Didn't you know him ? he's one of the best europlayer of the last years, a PF that won the gold of the european championship with Italy in 1999.
He played with Trieste in the late 80s and early 90s, then joined Milan (where he won the italian league in season 1995-1996) , then Fortitudo Bologna.
Now he plays with Barcelona.



















Gretz


----------



## Volcom (Mar 28, 2004)

> Yes
> In any case you must say not "f.u.c.k-a" , but "fooch-ka"
> 
> Didn't you know him ? he's one of the best europlayer of the last years, a PF that won the gold of the european championship with Italy in 1999.


Nah sorry mate I'm not really up to date on the Italian League..

Is he good enough to get drafted into the NBA? 

That'd be awesome :laugh: Am I being immature? yes.

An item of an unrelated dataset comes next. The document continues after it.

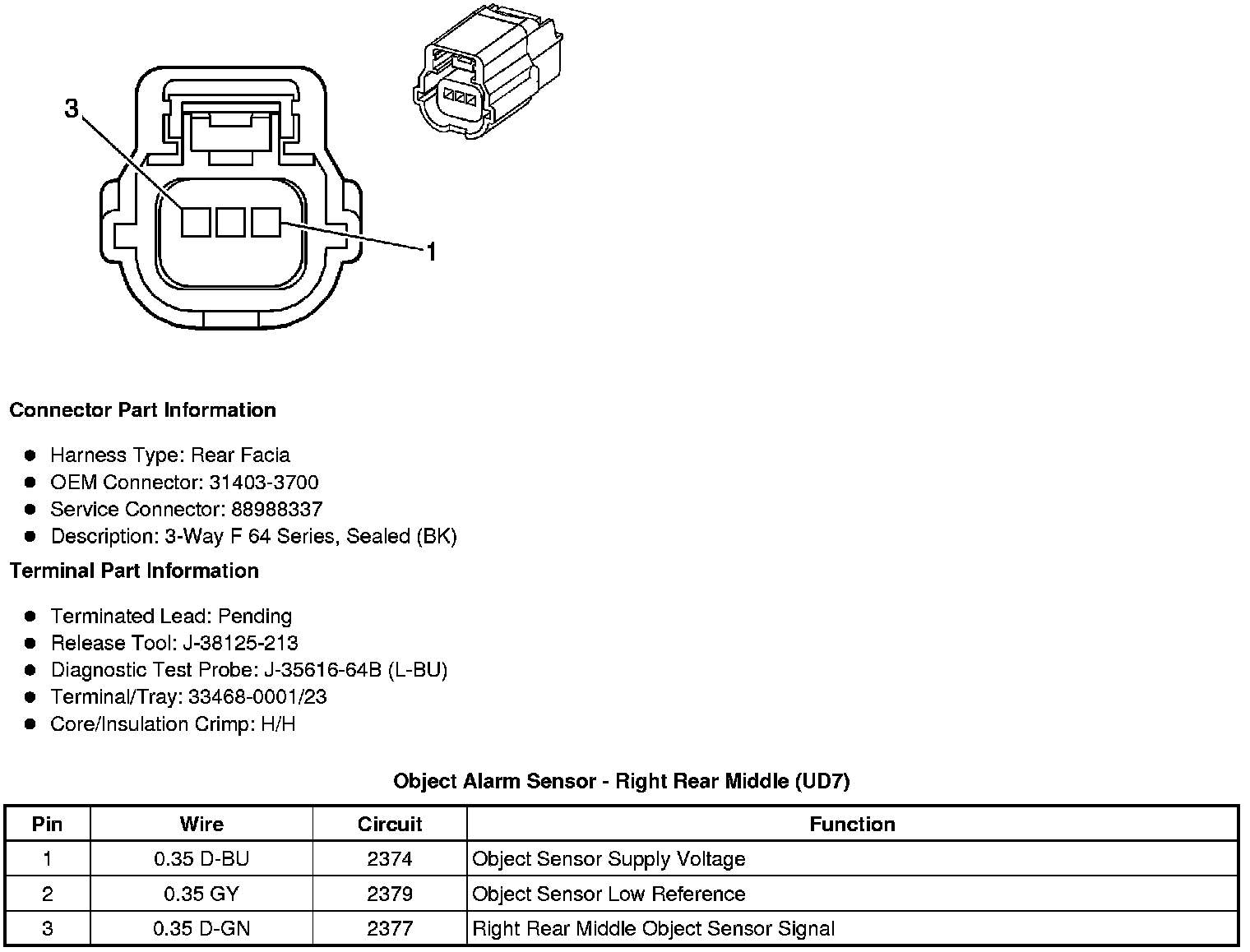 Object Alarm Sensor - Right Rear Middle (UD7)

But that would be hella funny :laugh:


----------



## AMR (Oct 5, 2003)

> Originally posted by <b>QuiksilverMaggette</b>!
> 
> 
> Nah sorry mate I'm not really up to date on the Italian League..
> ...


The Pacers tried to sign him in 2001


----------



## Matiz (Jun 5, 2003)

> Originally posted by <b>italianBBlover</b>!
> 
> 
> Filaforum has around 13,000 seats, and if the things will go quickly well, it'll be almost full alreaday this next season (surely during the play off).
> ...


Signing of Bodiroga or Fu.cka would be expensive even for Milan imo.

Udrih won't get into nba- his reality is european bball imo, and it all depends on how Maccabi would feel about him (since he can only be loaned). Considering Milan is not/will not be Maccabi's opponent leaving Udrih in Milano for on more year would be logical...

and here it is my 500th post


----------



## Milos (May 4, 2004)

Udrih is currently trains in a NBA camp, from what i heard (surprisely), he is very impressive and have a big chance to get a contract.


----------



## italianBBlover (Mar 5, 2003)

Yesterday Armani Milan signed *Lino Lardo*, the best young coach of Italy (already coach of the year of season 2002-2003).


----------



## italianBBlover (Mar 5, 2003)

And there are the first names for the roster: James Singleton (a young and very talented "4" that won the Lega2 with Jesi, a true "showtime" player ...) , Dante Calabria (very good 2-3 ) , Gianmarco Pozzecco ( pure 1).

But today there are some rumors even about ... Myers  

Wait to see ...


----------



## italianBBlover (Mar 5, 2003)

And in fact today afternoon Armani Milan signed *Dante Calabria* (2-years contract).


----------



## italianBBlover (Mar 5, 2003)

Armani Milan signs *James Singleton* , the young revelation of the last Lega2 season.
He's a powerful "4" with good 3-pointer, very good rebound skills ( 12.0 reb. per games) and very athletic.
He's also famous for his "showtime dunks"


----------